Understanding strange Java hash function
Here is some code and the sample output:
public static void main ( String[] args ) {
int h = 0xffffffff;
int h1 = h >>> 20;
int h2 = h >>> 12;
int h3 = h1 ^ h2;
int h4 = h ^ h3;
int h5 = h4 >>> 7;
int h6 = h4 >>> 4;
int h7 = h5 ^ h6;
int h8 = h4 ^ h7;
printBin ( h );
printBin ( h1 );
printBin ( h2 );
printBin ( h3 );
printBin ( h4 );
printBin ( h5 );
printBin ( h6 );
printBin ( h7 );
printBin ( h8 );
}
static void printBin ( int h ) {
System.out.println ( String.format ( "%32s",
Integer.toBinaryString ( h ) ).replace ( ' ', '0' ) );
}
Which prints:
11111111111111111111111111111111
00000000000000000000111111111111
00000000000011111111111111111111
00000000000011111111000000000000
11111111111100000000111111111111
00000001111111111110000000011111
00001111111111110000000011111111
00001110000000001110000011100000
11110001111100001110111100011111
So, the code breaks down the hash function into steps so that you can see what is happening. The first shift of 20 positions xor with the second shift of 12 positions creates a mask that can flip 0 or more of the bottom 20 bits of the int. So you can get some randomness inserted into the bottom bits that makes use of the potentially better distributed higher bits. This is then applied via xor to the original value to add that randomness to the lower bits. The second shift of 7 positions xor the shift of 4 positions creates a mask that can flip 0 or more of the bottom 28 bits, which brings some randomness again to the lower bits and to some of the more significant ones by capitalizing on the prior xor which already addressed some of the distribution at the lower bits. The end result is a smoother distribution of bits through the hash value.

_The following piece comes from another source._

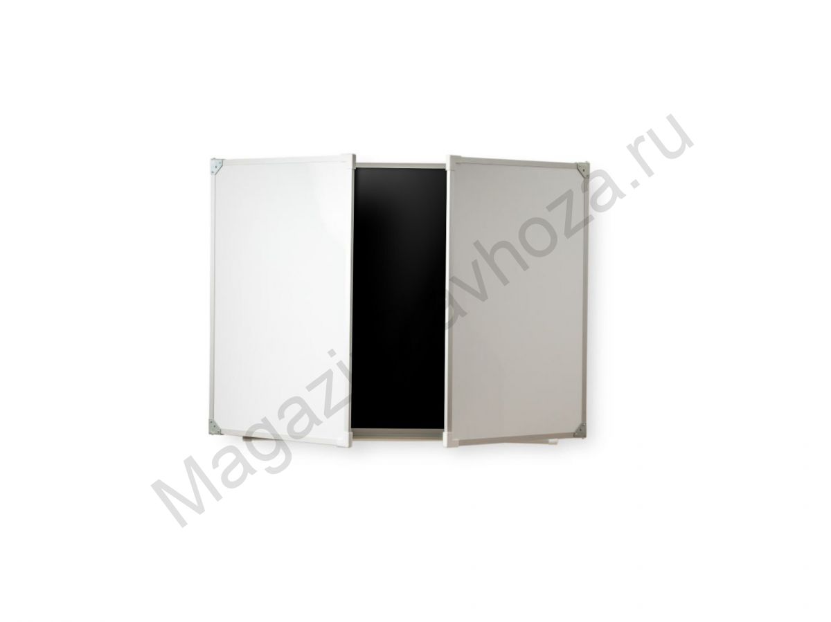 Трёхэлементная магнитная полимерная школьная доска 3400х1000 комбинированная(черный/маркер)

Since the hashmap in java computes the bucket index by combining the hash with the number of buckets you need to have an even distribution of the lower bits of the hash value to spread the entries evenly into each bucket.
As to proving the statement that this bounds the number of collisions, that one I don't have any input on. Also, see here for some good information on building hash functions and a few details on why the xor of two numbers tends towards random distribution of bits in the result.
>>>
is a bitshift with zero fill.
^
is an XOR.
XOR
is also called exclusive or--it is a math operator that combines two numbers. See http://en.wikipedia.org/wiki/Exclusive_or
A right bitshift by n
is like dropping the n
lowest bits off of the number. So if the number is 00010111
, and you shifted it right by 1, you'd get 00001011
.
Here's an article that discusses integer hash functions and some of the considerations to which they are designed. It's not very detailed, but the main point is this:
the operations must use a chain of computations to achieve avalanche. Avalanche means that a single bit of difference in the input will make about 1/2 of the output bits be different.
Basically, the goal is for the supplemental hash function to remove any regularities in the input, because those could cause the hash table to degenerate.